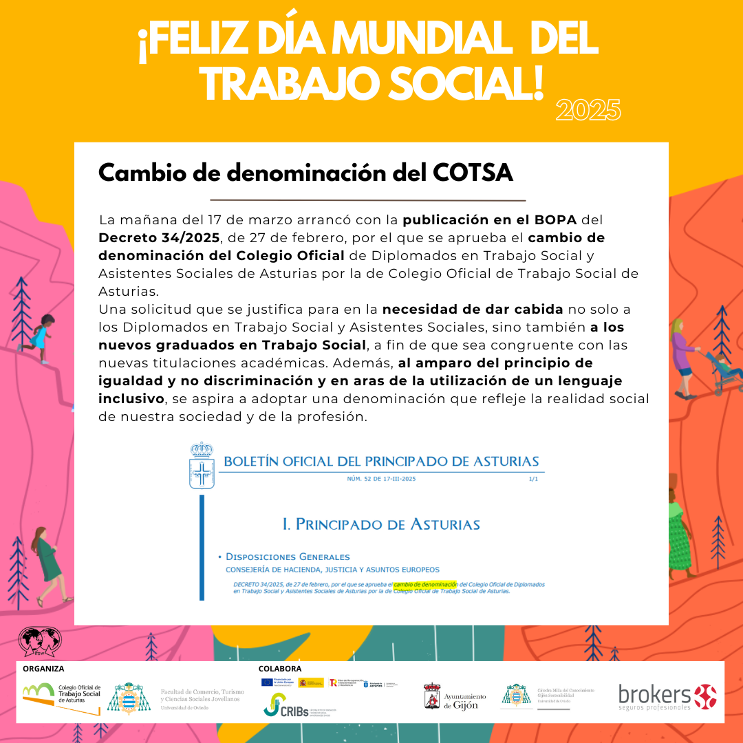 Hoy, queremos compartir contigo los detalles de este día tan especial. Una mañana del 17 de marzo, que arrancó con la publicación en el BOPA del Decreto 34/2025, de 27 de febrero, por el que se aprueba el cambio de denominación del Colegio Oficial de Diplomados en Trabajo Social y Asistentes Sociales de Asturias por la de Colegio Oficial de Trabajo Social de Asturias. Una solicitud que se justifica para en la necesidad de dar cabida no solo a los Diplomados en Trabajo Social y Asistentes Sociales, sino también a los nuevos graduados en Trabajo Social, a fin de que sea congruente con las nuevas titulaciones académicas. Además, al amparo del principio de igualdad y no discriminación y en aras de la utilización de un lenguaje inclusivo, se aspira a adoptar una denominación que refleje la realidad social de nuestra sociedad y de la profesión.
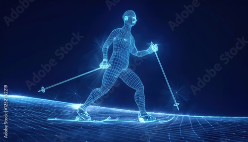Wireframe depiction of a skier demonstrating cross country skiing technique on a blue background
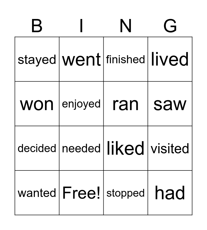 This bingo card has 27 words: changed, danced, decided, did, enjoyed, finished, went, had, Free!, helped, liked, lived, lost, loved, needed, played, ran, saw, started, stayed, stopped, studied, visited, wanted, watched, won and worked.
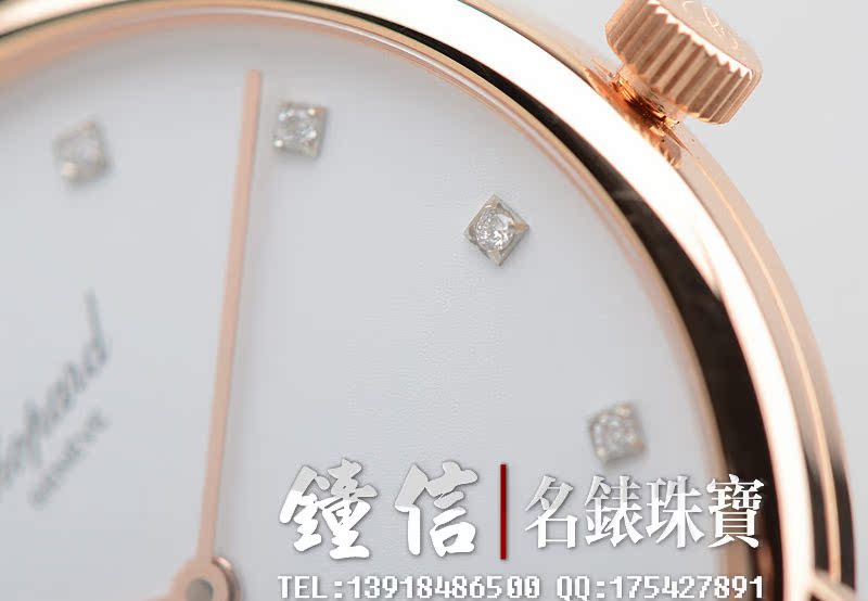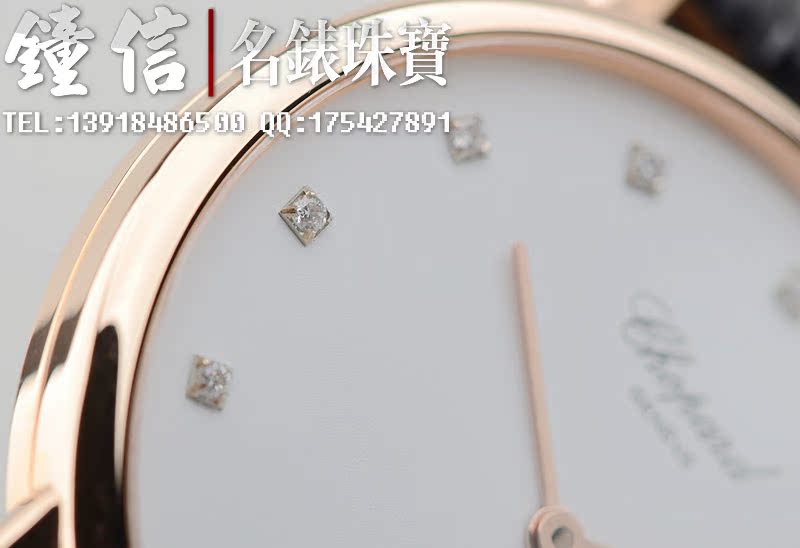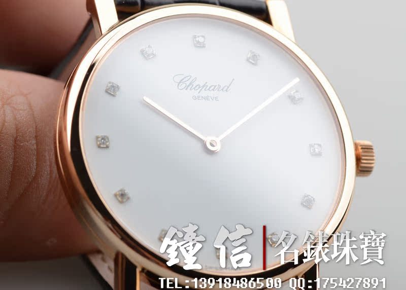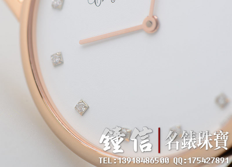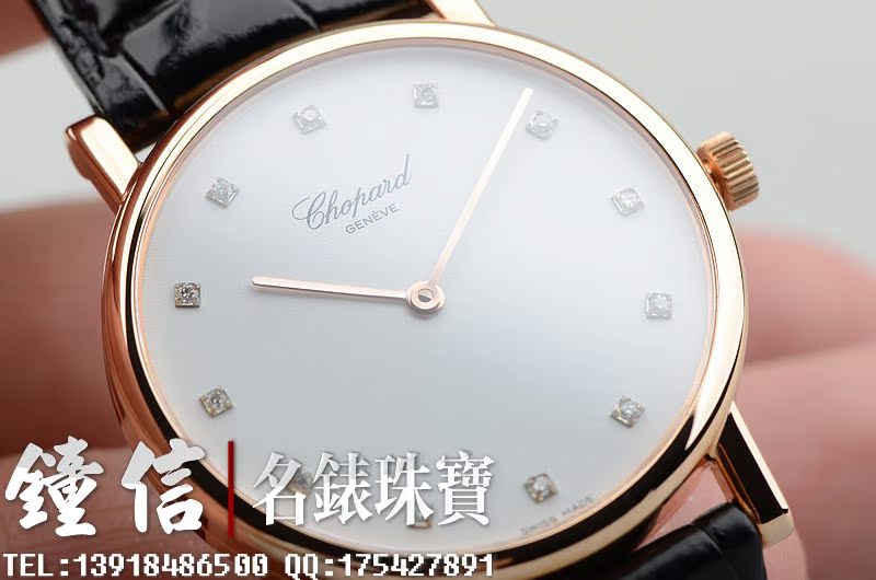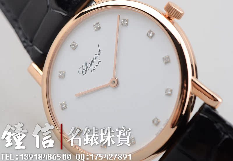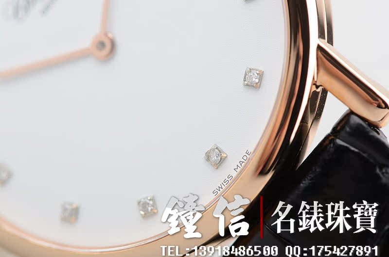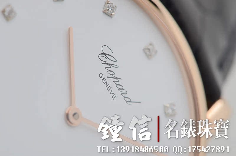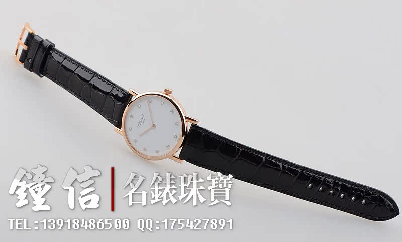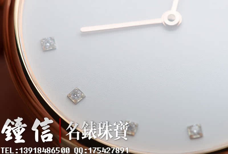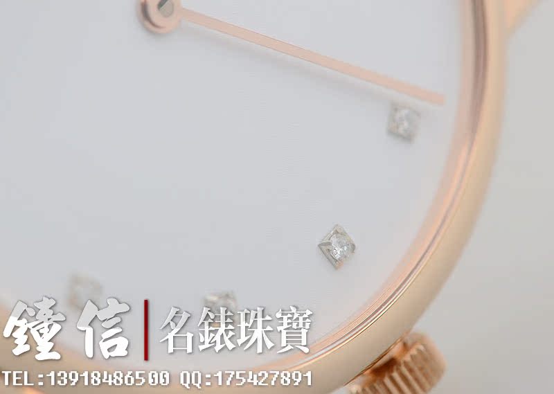 低温仿瓷白色面盘,刻度镶钻。金质时分针,黑色鳄鱼皮表带。
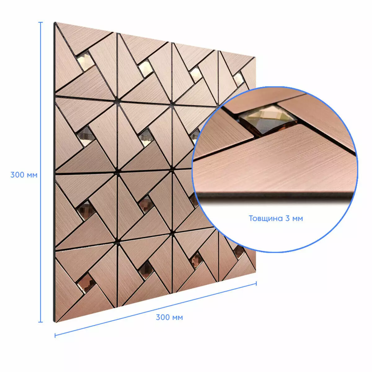 Самоклеюча алюмінієва плитка 300х300х3мм Мідна зі стразами SW-00001416 (D)
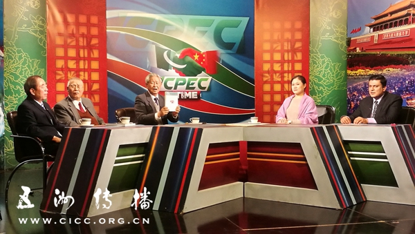 本书主编陆树林大使在接受巴国家电视台“中巴经济走廊时间”栏目专访时向观众介绍该书

Work task: Beginning at the line that contains "低温仿瓷白色面盘,刻度镶钻。金质时分针,黑色鳄鱼皮表带。", copy each remaining line of the records exactly, through the final one. Omit the pictures.

Answer for this exercise:
 低温仿瓷白色面盘,刻度镶钻。金质时分针,黑色鳄鱼皮表带。
 Самоклеюча алюмінієва плитка 300х300х3мм Мідна зі стразами SW-00001416 (D)
 本书主编陆树林大使在接受巴国家电视台“中巴经济走廊时间”栏目专访时向观众介绍该书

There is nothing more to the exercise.